Yndgaard (1982) has suggested the following guidelines for the development of a genebank information system:
1. Ease of data input (registration) into a storage medium.In addition to this, the system should be simple and user friendly thereby permitting the non-computer scientists to work with it. The system should also be economical and adoptable to the organisational environment.
2. Data validation during input phase.
3. Flexible data storage and retrieval procedures.
4. Availability of data for multiple analysis and use.
5. Exchange of information with other genebanks.
6. Basing the system and its terminology on genetic and biological principles.
One major factor affecting genetic resources information handling and exchange is the voluminous data associated with the germplasm collections. For instance, the National Plant Germplasm System (NPGS) in USA maintains over 400,000 accessions of germplasm in the form of seed and vegetatively propagated seeds. These accessions are primarily landraces and unimproved material from foreign sources. New accessions are added to the NPGS at the rate of 7,000 to 15,000 per year. IRRI, in Philippines, holds over 86,000 samples of rice. The data is alone recorded on over 75 traits generating around 6.4 million pieces of information to manage. The immense size of germplasm holdings becomes a challenge for the information management. Modern computers, with their ability to store vast amount of information and to retrieve the same with greater speed and accuracy have simplified the whole concept of database management. The DBMS is a software package that handles the difficult task associated with creating, accessing and maintaining database records. The programmes in a DBMS package establish an interface between the database itself and the users of database.

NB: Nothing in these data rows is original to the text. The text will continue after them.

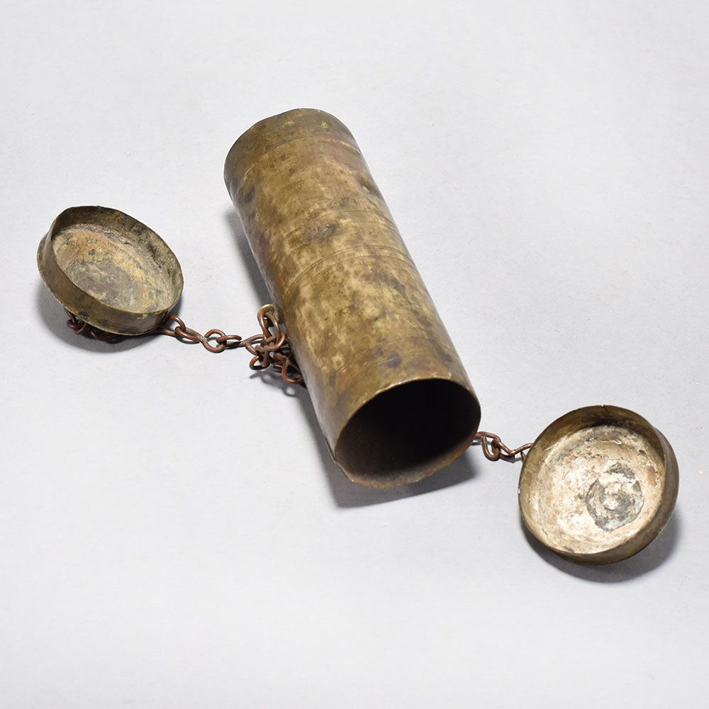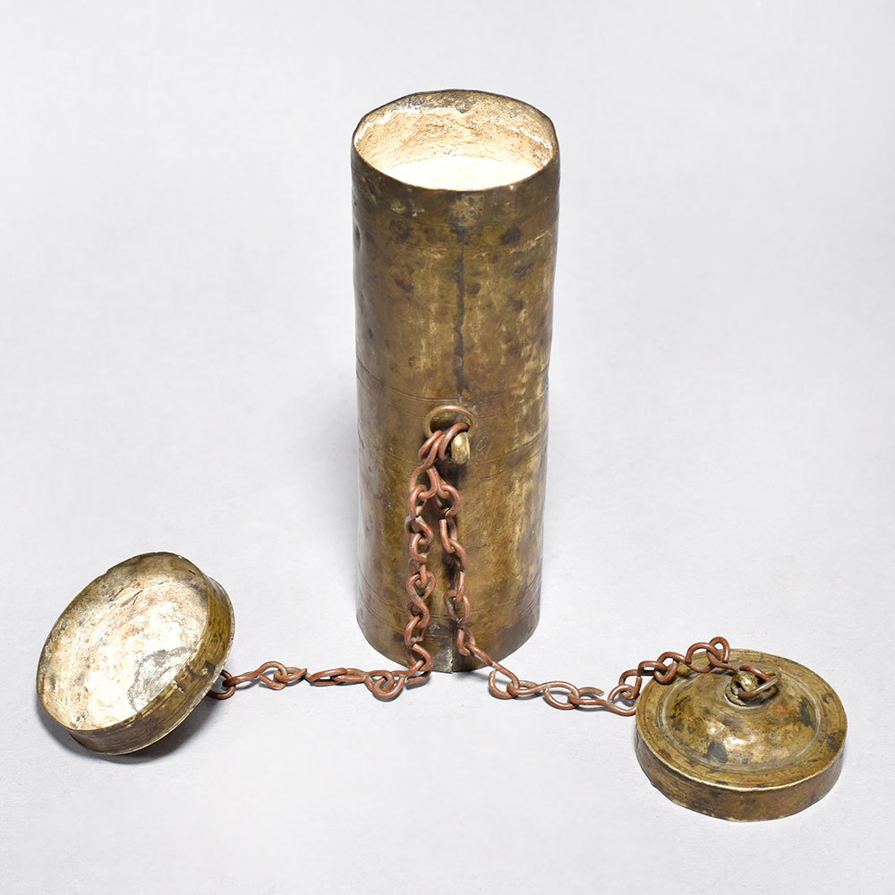 Discover the allure of ancient Indian craftsmanship with this vintage brass tobacco and lime pot.This antique brass pot is a testament to the skilled artisanry of Central India. Imagine holding this tactile treasure, tracing its intricate patterns, and feeling connected to centuries of cultural tradition. Whether you choose to use it for its original purpose or simply admire it as a work of art, this pot will elevate any space with its timeless beauty and unique history. Bring the intriguing essence of the past into your modern-day rituals and decor. Crafted from solid brass in a classic cylindrical shape Hinged lid and hanging chain for functional elegance Historically used to store tobacco and lime for oral care Captivating piece to display or incorporate into your rituals This unique handcrafted piece is a testament to traditional artistry, blending functionality with beauty and making it a treasured collectible for years to come.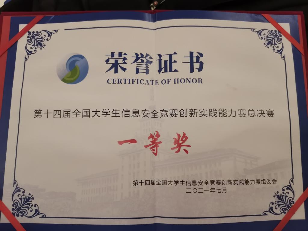 近日,第十四届全国大学生信息安全竞赛-创新实践能力赛”全国总决赛在哈尔滨落下帷幕。来自我院计算机学院的高星雨、唐端端、周鹏辉和陈浩同学组成EDI战队首次代表我院参加该项赛事,并以总分5369分的成绩荣获一等奖,冯玉婷老师作为该队指导老师荣获 “优秀指导老师奖”,队长高星雨在Build赛项中设计的参赛试题以排名第四的成绩获得“创新实践设计奖”。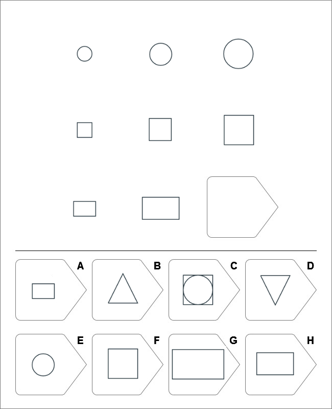 Zagadki składają się z pola 3x3, gdzie elementy ułożone są w jakimś logicznym porządku. W prawym dolnym rogu brakuje jednego elementu. Poniżej masz 8 możliwych odpowiedzi. Tylko jedna odpowiedz jest prawidłowa.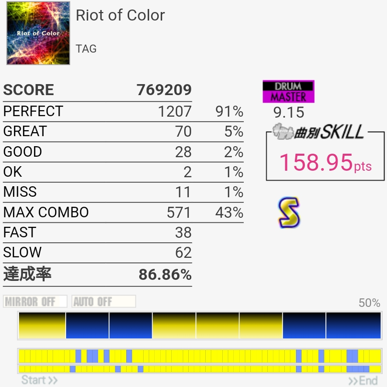 イントロだけでGREAT20個くらい出るんだけど。この曲判定がちょっと前の方にある気がする。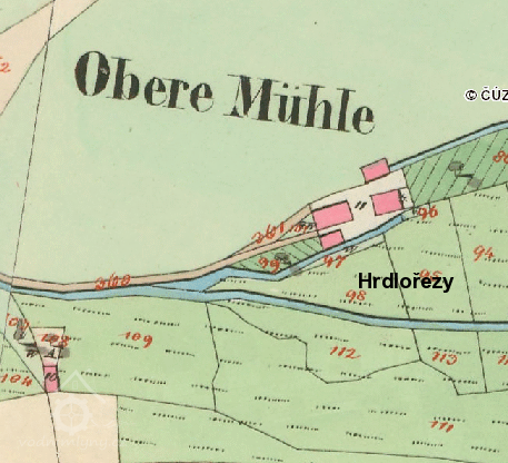 Dne 25. dubna 1582 dává pan purkmistr a rada Starého Města pražského povolení Martinovi Fialovi, dědicům a budoucím jeho ku stavbě mlejna na dvě kola na místě pustém nad vsí Hrdložřezy, 83 loket zdéli a 33 loket šíře, k jmění držení a dědičnému užívání.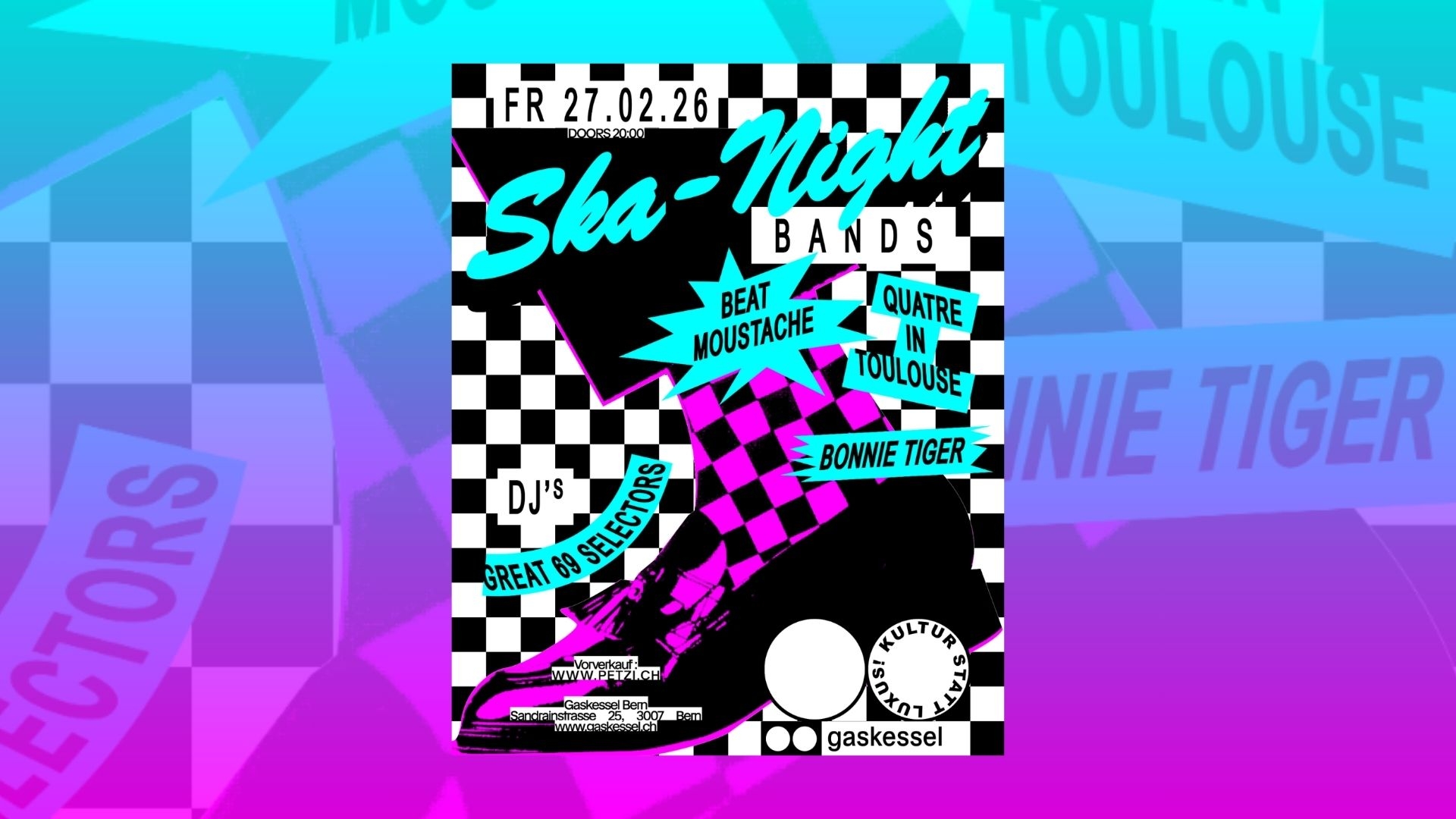 Bereit für stampfende Offbeats, tanzende Fans und eine Nacht voller Bläserpower? Dann markier dir den 27. Februar 2026 fett im Kalender. Der Gaskessel Bern verwandelt sich in das pulsierende Zentrum der Schweizer Ska-Szene!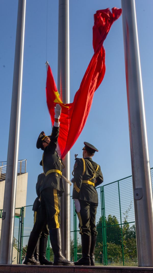伴随着雄壮的国歌声,五星红旗冉冉升起,拉开了开学典礼的序幕。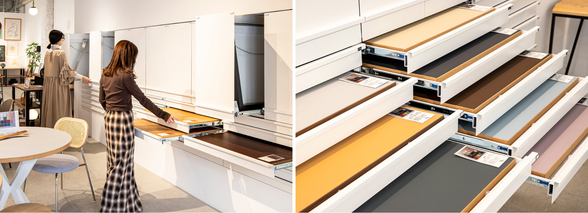 「どんな組み合わせを選べばいいのか」「サイズは合うのか」といった不安には、ショールーム常駐スタッフが、素材・サイズ・組み合わせの考え方まで、丁寧にご案内します。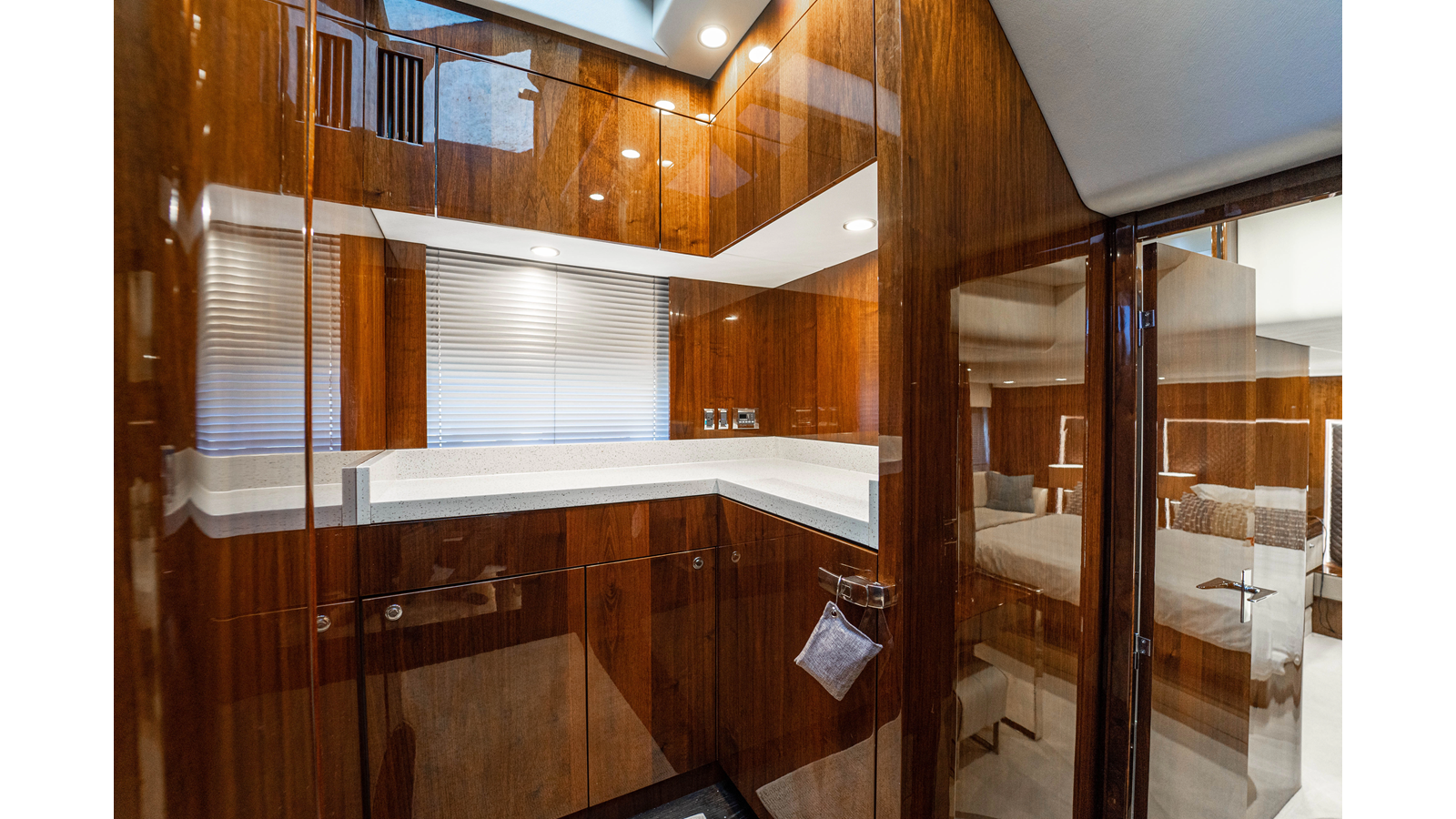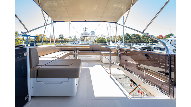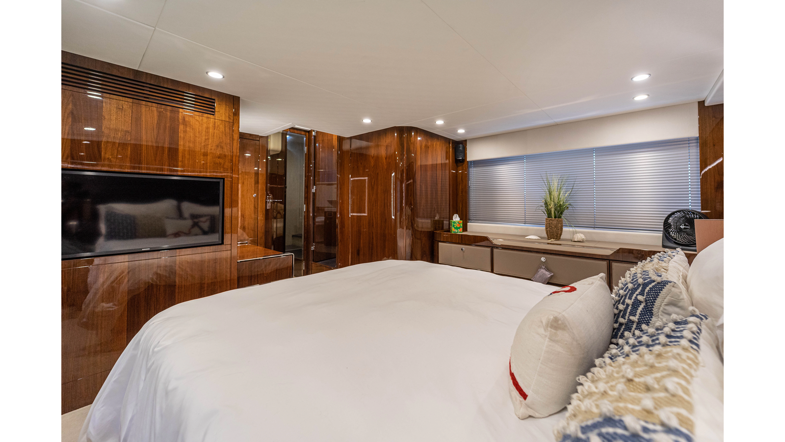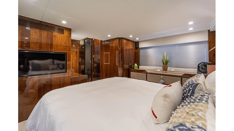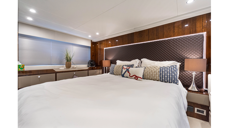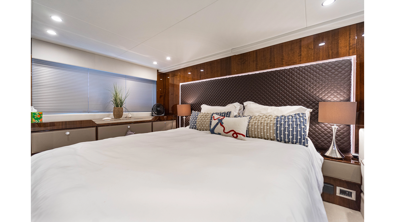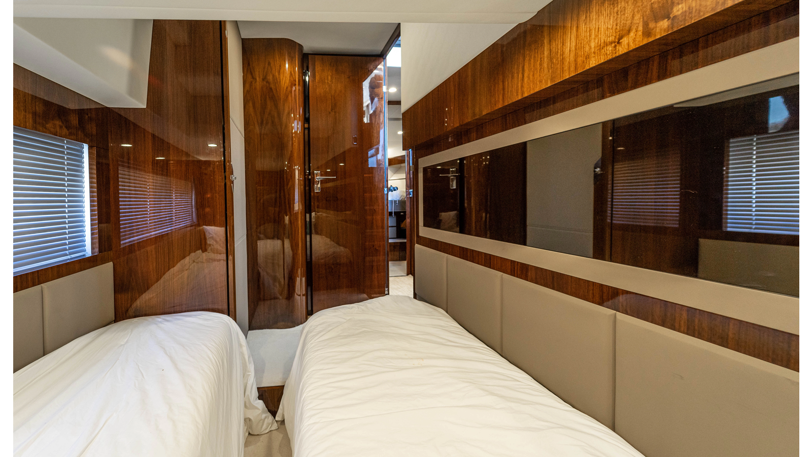 This 53 has the galley up, three cabin, two head floorplan. She has a raked-back flybridge and large aft cockpit. She has been kept in a covered slip in brackish water (70% fresh) since 2019 on the upper Chesapeake Bay of Maryland. Maintained with an open checkbook with mains being recently serviced as well as 1000 service already performed at 965 hours. Super sporty looking and fast with her shaft drive Volvo 725’s she cruises comfortably at 25 and tops out at 32 knots.

Two basic types of database management systems can be identified, namely, hierarchical and relational. A hierarchical system tends to be extremely complex because of superior-subordinate type of relationship between data elements in a hierarchical (tree) structure. In comparison to hierarchical structuring technique, the relational technique is much simpler. Data are represented in the form of two dimensional tables and the relationships can be established between these tables. Information contained in any two or more separate files (for example, one for the passport data and the other for the evaluation data) can be related or linked if there are common fields or descriptors in these tables or files. For instance, a unique identifier for each and every accession in germplasm collection e.g. the accession number, is such a common field. As a genebank preserves and provides genetic material for a multitude of purposes, the relational DBMS will be more appropriate in a genetic resources environment as it easily permits the establishment of linkages between different files and change of relationships at any moment.
There are probably a dozen DBMS packages (dBASE III PLUS, dBASE IV, FOXBASE, FOCUS, ORACLE, UNIFY, INGRESS, SYBASE, QBE, QUEL, RELATE/3000, etc.) currently marketed today. Most of these packages have simpler basic capabilities but some have additional features making the software more attractive. However, relational database management system, which is machine independent, globally accepted, easily maintained by data processing staff, has a good performance record, and has security measures for protecting data during hardware failure or abuse by unauthorized personnel could be selected. dBASE III PLUS or dBASE IV is an appropriate choice for a small to medium size databases and is used widely throughout the world. Oracle DBMS is certainly a powerful package in the relational technology and will be an appropriate choice for handling large databases.
Information types
A database is a combination of related records, and a record is a combination of fields or what we call 'descriptors' in genetic resources environment. The 'descriptor' is now widely accepted as the computer term for the character of a plant as well as for other units of information such as country of origin or the date of collecting. The 'descriptor state' is then the quantity or the quality of the plant character, or any country name or abbreviations or the actual day, month and year of collecting. These descriptors can be further distinguished from the point of view of use and content.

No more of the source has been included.